Global media on wrong track in China: executive


For the past decade News Corp, Viacom, Time Warner and every other global media behemoth has been wrestling with how to crack the Chinese market.

The benefits are obvious -- a slice of the revenues from a population of 1.3 billion undergoing a massive sea-change in their media consumption habits. According to Anthony Tse, the director of corporate development at Hong Kong-based media conglomerate Tom Group, the total media and entertainment market is already worth US$25 billion, with a relatively under-developed television market alone worth US$7 billion.

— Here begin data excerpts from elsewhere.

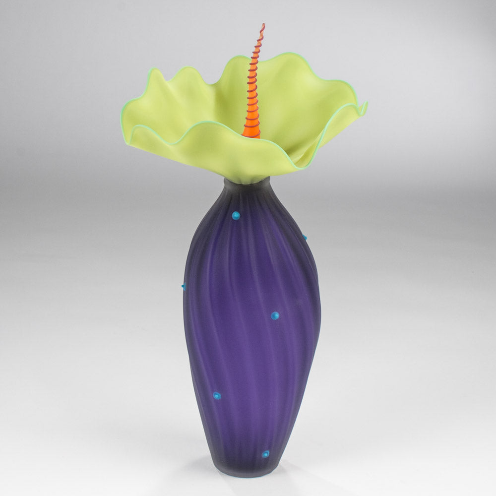Regular price $420.00 Save $-420.00BOBtanical TALL BOB in Amethyst with Turquoise Dots, an Opaque Olive Ruffle with Opaque Olive Rim and a Stamen Stopper in Tangerine with a thin Opaque Rose Spiral - From the BOBtanical Collection - Urn shaped body with small dots of color topped with a floral inspired ruffle and corked with a stamen shaped top with rubber stopper. Each vessel is mouth blown out of Soda-Lime Furnace Glass (Crystalo Glass). It is then Acid Etched.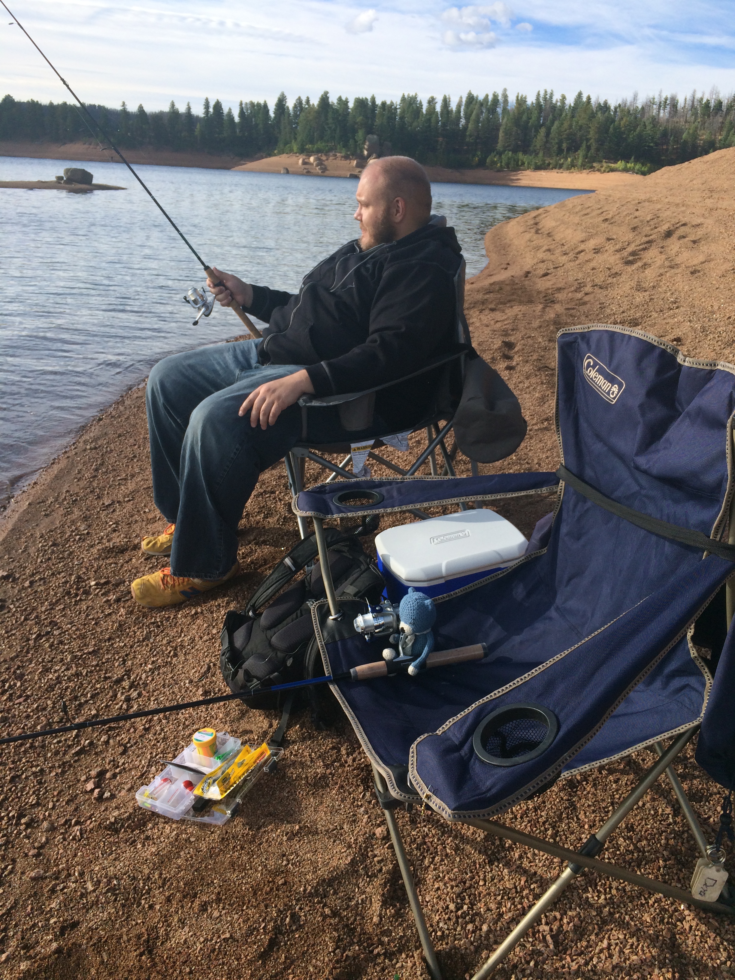 Today was Labor Day (a celebration of the contribution of workers) in the United States and so Blue Cat got the day off. His scribe’s son set up a fishing trip for Blue Cat and his scribe, so off they went to Rampart Reservoir. Located in the Pikes Peak National Forest in Colorado, the reservoir is at an altitude of 9,000 feet and is really big (13 billion gallons big). And it’s stocked every two weeks or so with tasty trout.
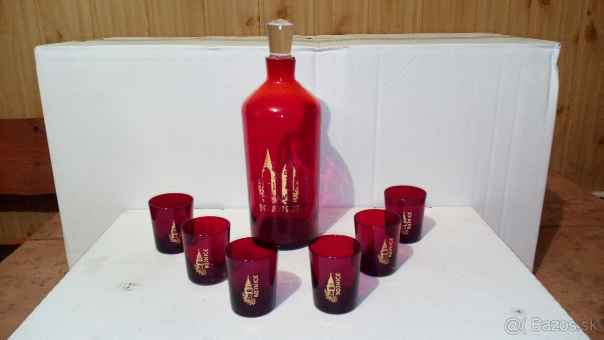 Predám karafu s pohárikmi s tematikou Bojnice. Hrdlo flašky trocha odlupené. Cena 15€

The fragmented outdoor advertising sector is already worth US$1.6 billion, with thousands of operators. Likewise, there are still thousands of television operators. Newspapers, which are still heavily state-controlled, are worth US$3 billion and magazine sales are worth $1.5 billion. Any company that can start to bring economies of scale to these businesses, while at the same time negotiating the unpredictable world of Chinese bureaucracy, has an obvious head start.

But the real opportunity, according to Tse, is in new media. Despite frequent stories about Web censorship, Tse says that mobile phones in particular offer content providers a certain latitude that they would not get in traditional media.

Tse says that there is a growing culture of political jokes being spread virally on mobile phones. While the government would never tolerate satire on television or in print, there are signs that it is more accepting of some digital content, he says.

There are between 100 million and 110 million Internet users in China, around half of whom are hooked up to high-speed broadband. Meanwhile, the country already has 378 million mobile-phone users, city centers are lined with China Telecom shops and the content sector is growing at a bewildering rate.

Tse believes that mobile content has taken off in China, Japan and South Korea because Asian mobile operators are taking a more long-term view. While state-controlled China Telecom takes a 15 percent cut from content providers, Western mobile operators take closer to 50 percent or 60 percent, Tse said.

"They go to China and they always try to hit a home run. But in an emerging market you can't be so short-sighted. We did what we were allowed to do and then started going after the tougher markets. We have a saying internally: We did what we could, then what we would, then what we should," he said.